Goal of the exercise:
Print the line that contains "27.oktobrī Rīgas Izglītības", then every line after it until the entries end, exactly as they read; do not include pictures.

(Exercise materials begins)

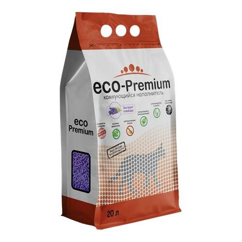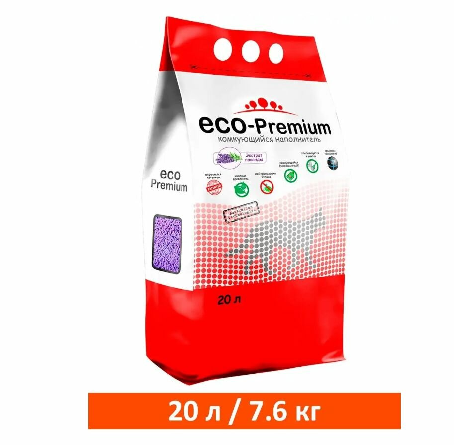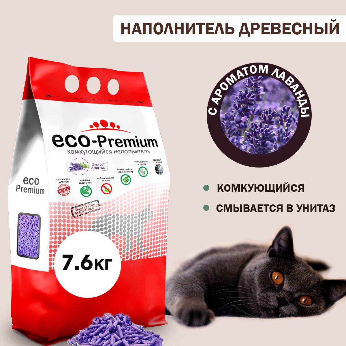 Наполнитель для кошачьего туалета комкующийся древесный с запахом лаванды ECO-Premium, фиолетовый 7,6 кг, 20 л
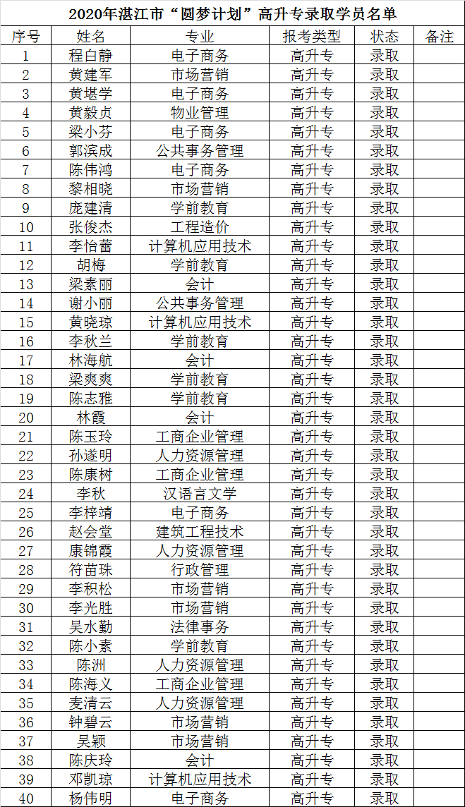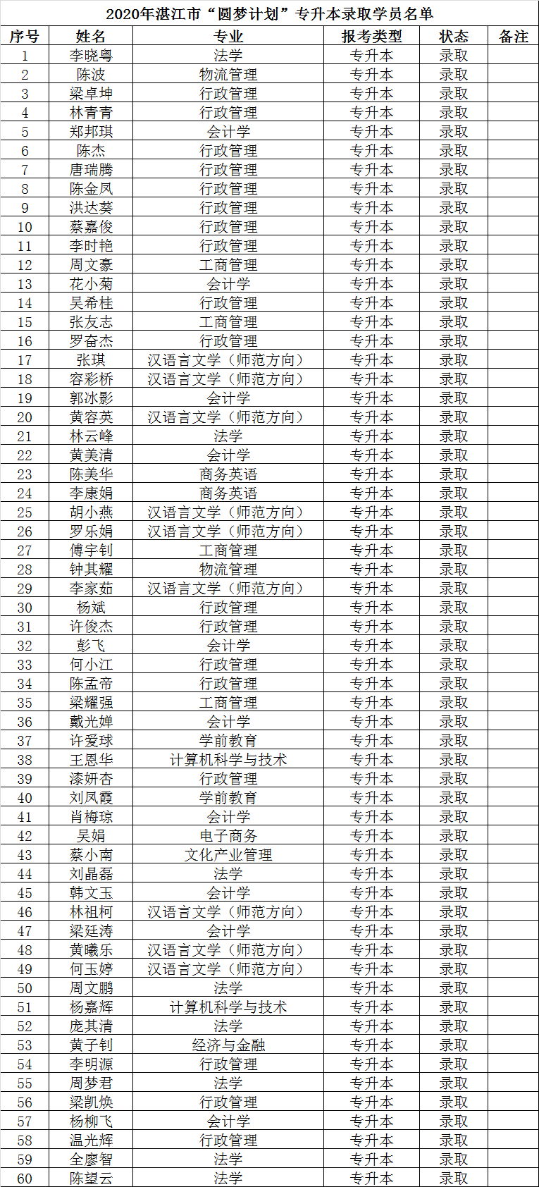 湛江开放大学2020年秋季圆梦计划资格生公示名单
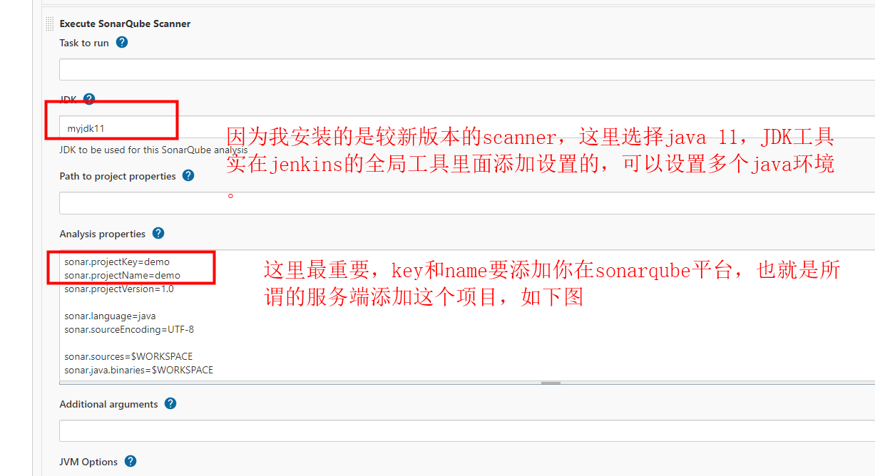 sonar.projectKey=demo sonar.projectName=demo sonar.projectVersion=1.0 sonar.language=java sonar.sourceEncoding=UTF-8 sonar.sources=$WORKSPACE sonar.java.binaries=$WORKSPACE
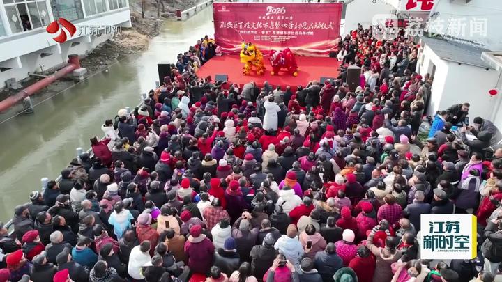在淮安市洪泽区龟山村,充满渔家特色的长桌宴热闹开席,村民与四方游客相邻而坐,共品当地特色佳肴,大伙还参与滚铁环、投壶等传统游戏,重温旧时童趣,触目所及都是最温暖的人间烟火气。走进苏州吴江南厍古村,沿着蜿蜒河道,鱼灯竹筏、财神送福、歌舞演出轮番登场,让人目不暇接。
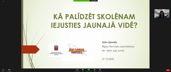 27.oktobrī Rīgas Izglītības un informatīvi metodiskais centrs projekta “Iedot roku” ietvaros rīkoja jau 2. moduli pedagogiem “Kā palīdzēt skolēnam iejusties jaunajā vidē”. Nodarbība notika tiešsaistē, platformā ZOOM, kuras laikā dalībnieki iepazinās ar Rīgas Pļavnieku pamatskolas pieredzi.
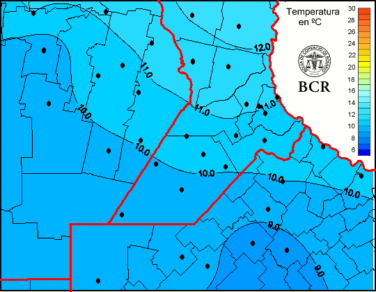 Mapa de temperaturas medias de las las últimas 24 horas.
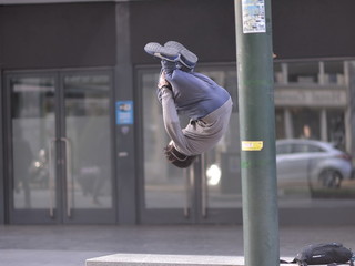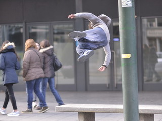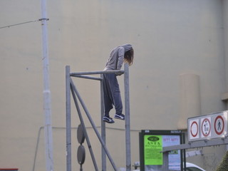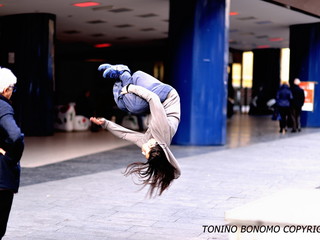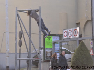 Alcuni ragazzi si sono esibiti di fronte al Palafiori in diverse azioni funamboliche, a tratti anche pericolose.
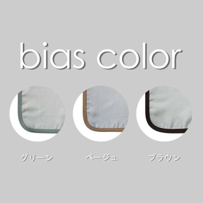 バイアステープでぐるっと囲うことでカーテンの裾と左右の折り返しをなくし、
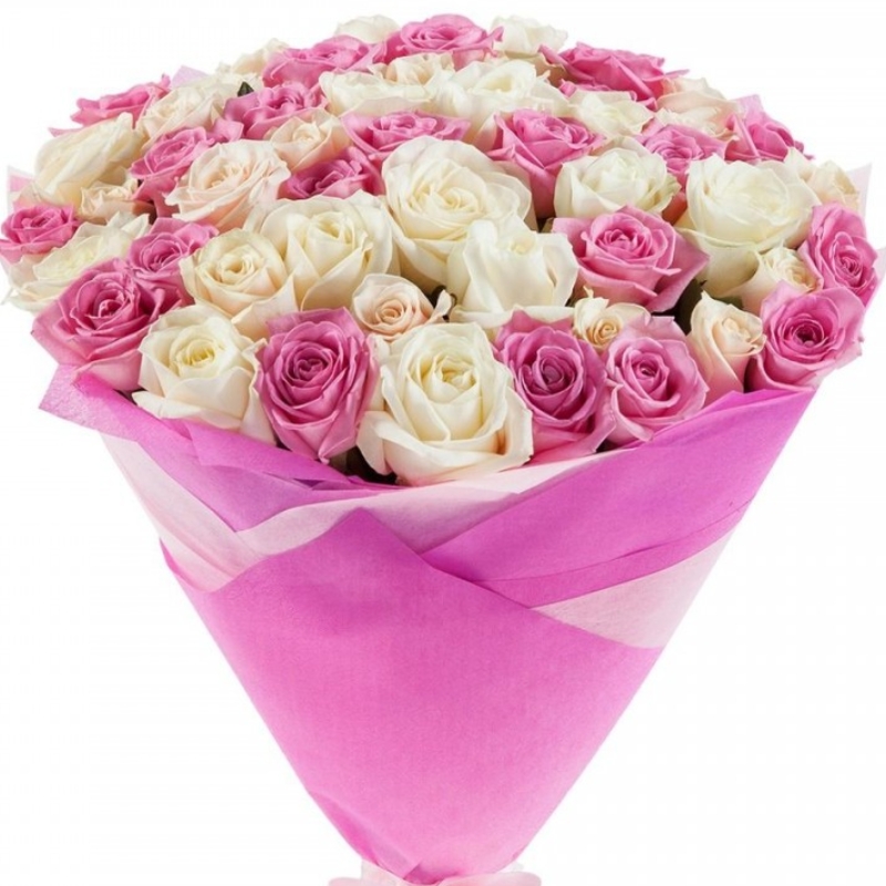 Букет состоит из 23 розовые розы, 22 белые розы, красивая упаковка, атласная лента.

(Exercise materials ends)

Task response:
 27.oktobrī Rīgas Izglītības un informatīvi metodiskais centrs projekta “Iedot roku” ietvaros rīkoja jau 2. moduli pedagogiem “Kā palīdzēt skolēnam iejusties jaunajā vidē”. Nodarbība notika tiešsaistē, platformā ZOOM, kuras laikā dalībnieki iepazinās ar Rīgas Pļavnieku pamatskolas pieredzi.
 Mapa de temperaturas medias de las las últimas 24 horas.
 Alcuni ragazzi si sono esibiti di fronte al Palafiori in diverse azioni funamboliche, a tratti anche pericolose.
 バイアステープでぐるっと囲うことでカーテンの裾と左右の折り返しをなくし、
 Букет состоит из 23 розовые розы, 22 белые розы, красивая упаковка, атласная лента.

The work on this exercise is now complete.